RACHEL BOWER
Review
Rebecca Goss, Girl (Carcanet/ Northern House, 2019)
Rebecca Goss’s Girl sparks with light, electricity, bodies. This collection of spare, precise poems, characterised by Goss’s distinctive control of her material, not only explores what it is to be ‘girl’, but what it is to be bodily; to be in relation; to be alive. It is a book of freckles, knuckles, the curve of the body in water. It is also a book about relationships: between mothers and daughters, between lovers, sisters, friends, and between older and younger selves. These relationships, however, are not softly lit. The opening poem, ‘The Lightning’, introduces us to the mother, struck by lightning, ‘mouth spitting rods of light’. The book is bursting with light: ‘fiery’ whispers and ‘fingers trailing sparks’, bright celestial objects, bulbs popping their filaments, hooks fizzing on the grille of the dodgems.
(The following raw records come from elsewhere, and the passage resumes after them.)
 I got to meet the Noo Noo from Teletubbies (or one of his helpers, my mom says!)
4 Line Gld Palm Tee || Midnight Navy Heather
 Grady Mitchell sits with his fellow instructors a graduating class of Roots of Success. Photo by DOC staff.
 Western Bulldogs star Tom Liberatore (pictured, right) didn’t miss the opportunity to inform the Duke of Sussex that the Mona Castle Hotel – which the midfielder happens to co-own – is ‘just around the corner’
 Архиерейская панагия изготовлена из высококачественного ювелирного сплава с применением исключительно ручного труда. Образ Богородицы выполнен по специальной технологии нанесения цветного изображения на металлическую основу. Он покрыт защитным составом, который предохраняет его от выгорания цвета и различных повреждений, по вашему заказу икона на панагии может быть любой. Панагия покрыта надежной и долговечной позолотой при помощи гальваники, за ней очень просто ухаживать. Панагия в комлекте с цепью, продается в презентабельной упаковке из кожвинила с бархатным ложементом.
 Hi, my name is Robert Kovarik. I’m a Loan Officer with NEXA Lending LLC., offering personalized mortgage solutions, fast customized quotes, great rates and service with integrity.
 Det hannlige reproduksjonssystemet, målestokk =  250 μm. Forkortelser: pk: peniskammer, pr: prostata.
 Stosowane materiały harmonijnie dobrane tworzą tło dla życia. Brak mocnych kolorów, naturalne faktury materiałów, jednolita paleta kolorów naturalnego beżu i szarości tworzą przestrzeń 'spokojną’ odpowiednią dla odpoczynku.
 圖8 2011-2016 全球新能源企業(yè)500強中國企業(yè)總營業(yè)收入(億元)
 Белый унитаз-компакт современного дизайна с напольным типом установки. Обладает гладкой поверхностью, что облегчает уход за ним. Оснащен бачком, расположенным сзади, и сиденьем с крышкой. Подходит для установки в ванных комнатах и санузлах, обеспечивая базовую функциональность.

Girl is also full of surprises, from the playful delight of ‘Ants’, where a pregnant woman is lifted, on her yoga mat, by a host of ants, and paraded around the hall – liberated, weightless, free – to the marvel of human encounters, where a woman tries a coat on with her husband, sliding her ‘slim wrists’ into the arms of a beautiful coat, ‘a swing of black ribbon and felt’, before returning to her son, ‘wasting in hospital’. This sonnet bravely faces the complexities and contradictions of life through everyday realities, where ‘Parents of the almost-dead cannot always be bed-side’. Goss’s generosity shines here, as in the overall collection, where the mother ‘leans to kiss a dumb mouth and carousels ...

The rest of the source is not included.